:: What to do ::
Reproduce the lines below exactly, from the one containing "Между тем в" through the one containing "开局选个能尽快开地图的位置,尽量建造有群", both included. Leave out any pictures.

:: Listed records ::
----
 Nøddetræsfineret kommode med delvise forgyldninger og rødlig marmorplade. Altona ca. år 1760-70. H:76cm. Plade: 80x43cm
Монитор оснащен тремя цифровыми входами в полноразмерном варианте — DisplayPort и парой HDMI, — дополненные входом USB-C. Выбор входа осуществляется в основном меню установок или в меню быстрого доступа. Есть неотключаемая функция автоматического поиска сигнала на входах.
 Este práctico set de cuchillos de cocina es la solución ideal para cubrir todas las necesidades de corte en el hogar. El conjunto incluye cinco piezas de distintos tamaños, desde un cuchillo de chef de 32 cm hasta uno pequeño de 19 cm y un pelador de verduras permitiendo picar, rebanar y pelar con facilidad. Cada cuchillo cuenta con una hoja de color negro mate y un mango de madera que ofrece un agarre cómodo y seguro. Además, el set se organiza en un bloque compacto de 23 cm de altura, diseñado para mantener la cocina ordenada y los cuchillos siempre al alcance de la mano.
----
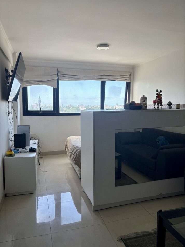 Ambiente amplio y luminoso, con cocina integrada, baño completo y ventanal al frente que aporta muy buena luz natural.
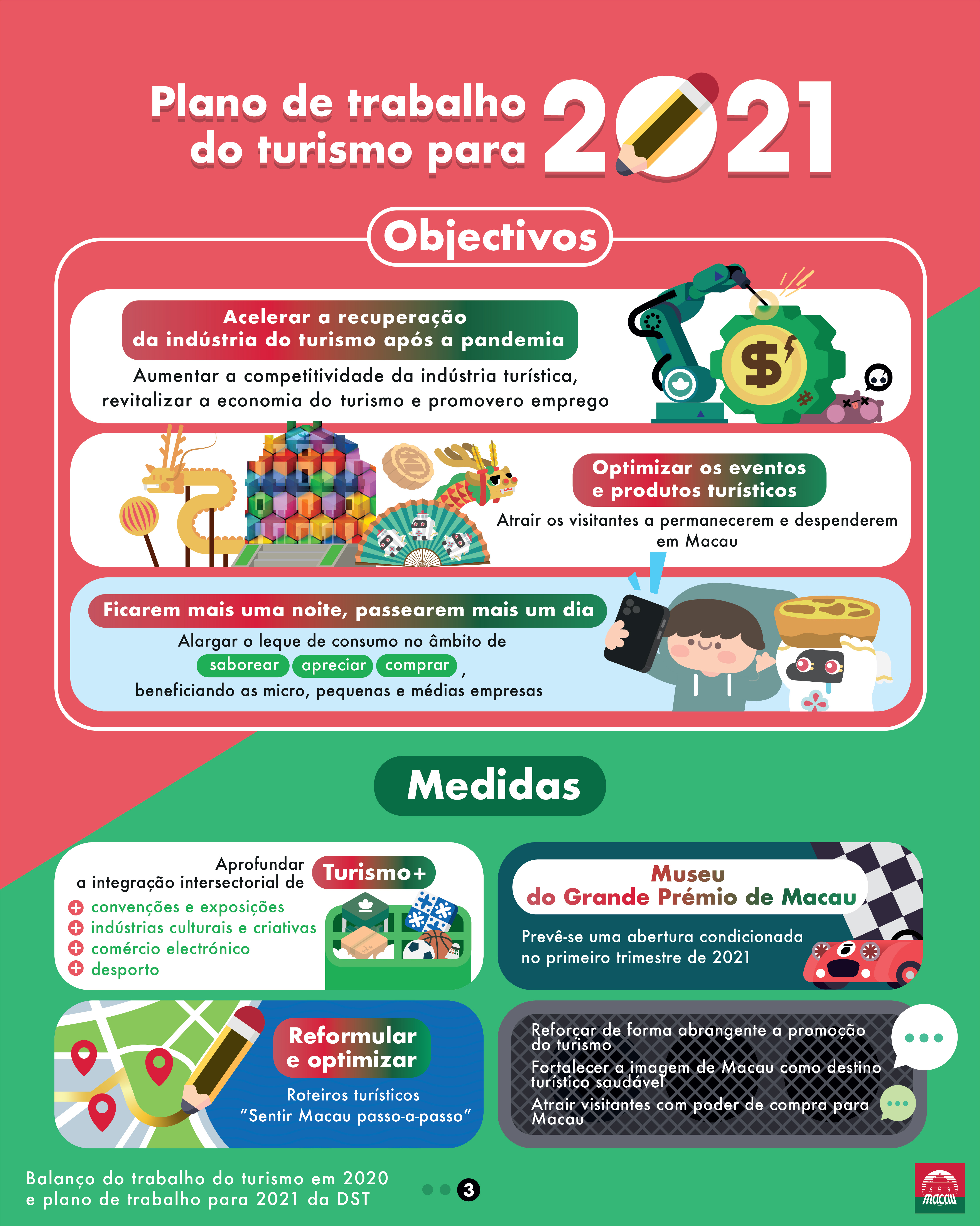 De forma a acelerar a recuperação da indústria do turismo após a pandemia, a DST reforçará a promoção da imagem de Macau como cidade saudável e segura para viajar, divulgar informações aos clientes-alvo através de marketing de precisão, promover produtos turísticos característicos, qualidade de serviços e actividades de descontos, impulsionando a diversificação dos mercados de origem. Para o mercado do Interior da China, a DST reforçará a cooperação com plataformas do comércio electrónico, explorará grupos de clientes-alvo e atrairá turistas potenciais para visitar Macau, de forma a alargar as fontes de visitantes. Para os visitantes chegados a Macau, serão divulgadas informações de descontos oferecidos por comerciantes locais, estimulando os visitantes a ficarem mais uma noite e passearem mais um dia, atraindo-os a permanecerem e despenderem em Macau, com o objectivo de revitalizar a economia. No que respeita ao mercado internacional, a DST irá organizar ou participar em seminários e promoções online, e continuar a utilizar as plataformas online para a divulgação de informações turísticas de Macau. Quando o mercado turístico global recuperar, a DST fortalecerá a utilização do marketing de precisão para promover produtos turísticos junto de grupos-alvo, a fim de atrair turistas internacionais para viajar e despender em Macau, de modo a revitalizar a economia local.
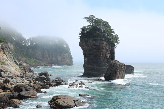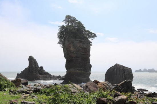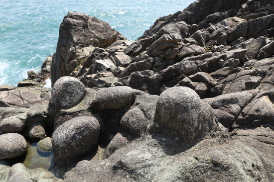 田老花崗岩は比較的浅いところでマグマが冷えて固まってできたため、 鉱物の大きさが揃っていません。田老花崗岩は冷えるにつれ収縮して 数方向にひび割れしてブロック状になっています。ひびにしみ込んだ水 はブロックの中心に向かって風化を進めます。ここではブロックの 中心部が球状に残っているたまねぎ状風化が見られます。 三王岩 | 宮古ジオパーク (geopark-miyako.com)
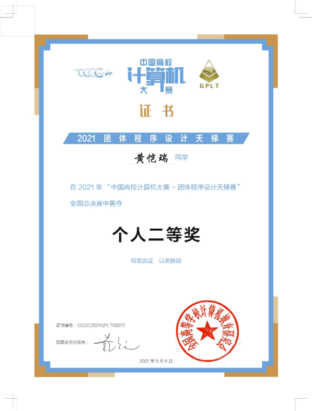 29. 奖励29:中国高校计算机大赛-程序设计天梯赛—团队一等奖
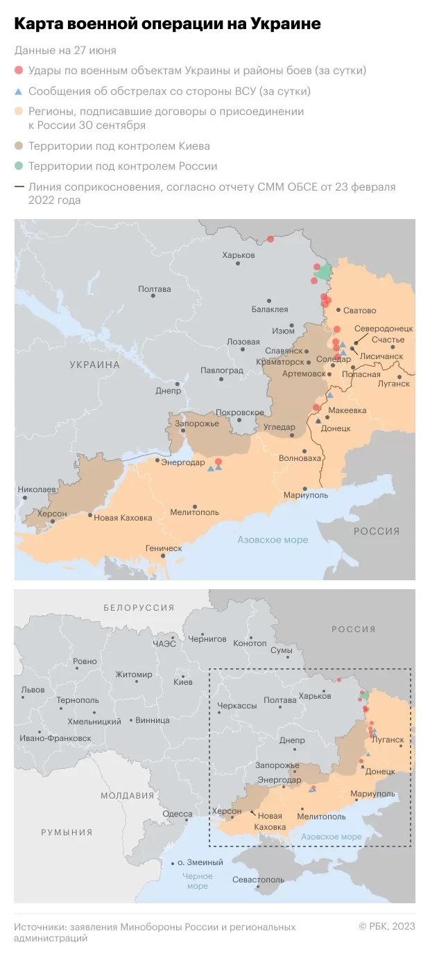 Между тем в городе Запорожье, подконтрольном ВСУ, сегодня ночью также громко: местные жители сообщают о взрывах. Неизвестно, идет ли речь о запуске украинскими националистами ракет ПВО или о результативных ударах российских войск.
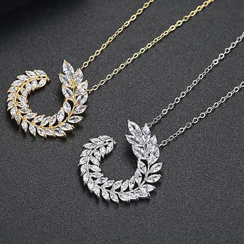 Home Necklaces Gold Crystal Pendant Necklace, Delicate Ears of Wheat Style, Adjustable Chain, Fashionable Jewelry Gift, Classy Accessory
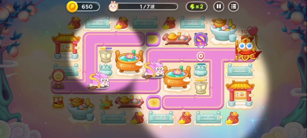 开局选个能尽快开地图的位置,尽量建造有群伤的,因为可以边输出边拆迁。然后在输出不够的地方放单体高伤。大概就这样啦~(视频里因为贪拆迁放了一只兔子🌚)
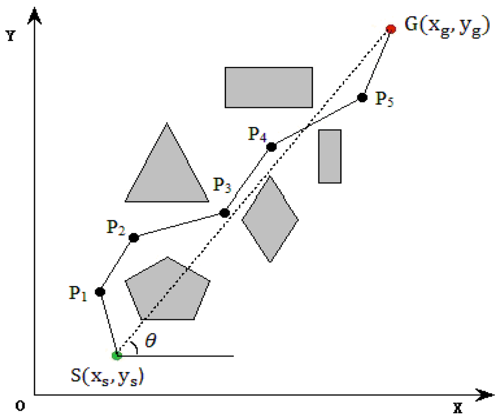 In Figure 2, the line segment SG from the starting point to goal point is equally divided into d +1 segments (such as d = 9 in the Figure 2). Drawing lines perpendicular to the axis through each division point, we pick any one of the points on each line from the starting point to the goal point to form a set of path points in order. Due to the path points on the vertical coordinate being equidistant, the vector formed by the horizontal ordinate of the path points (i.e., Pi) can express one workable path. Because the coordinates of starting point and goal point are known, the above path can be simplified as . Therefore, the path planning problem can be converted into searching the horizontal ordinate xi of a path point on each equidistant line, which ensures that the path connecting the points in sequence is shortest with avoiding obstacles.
----
:: Output for this exercise ::
 Между тем в городе Запорожье, подконтрольном ВСУ, сегодня ночью также громко: местные жители сообщают о взрывах. Неизвестно, идет ли речь о запуске украинскими националистами ракет ПВО или о результативных ударах российских войск.
 Home Necklaces Gold Crystal Pendant Necklace, Delicate Ears of Wheat Style, Adjustable Chain, Fashionable Jewelry Gift, Classy Accessory
 开局选个能尽快开地图的位置,尽量建造有群伤的,因为可以边输出边拆迁。然后在输出不够的地方放单体高伤。大概就这样啦~(视频里因为贪拆迁放了一只兔子🌚)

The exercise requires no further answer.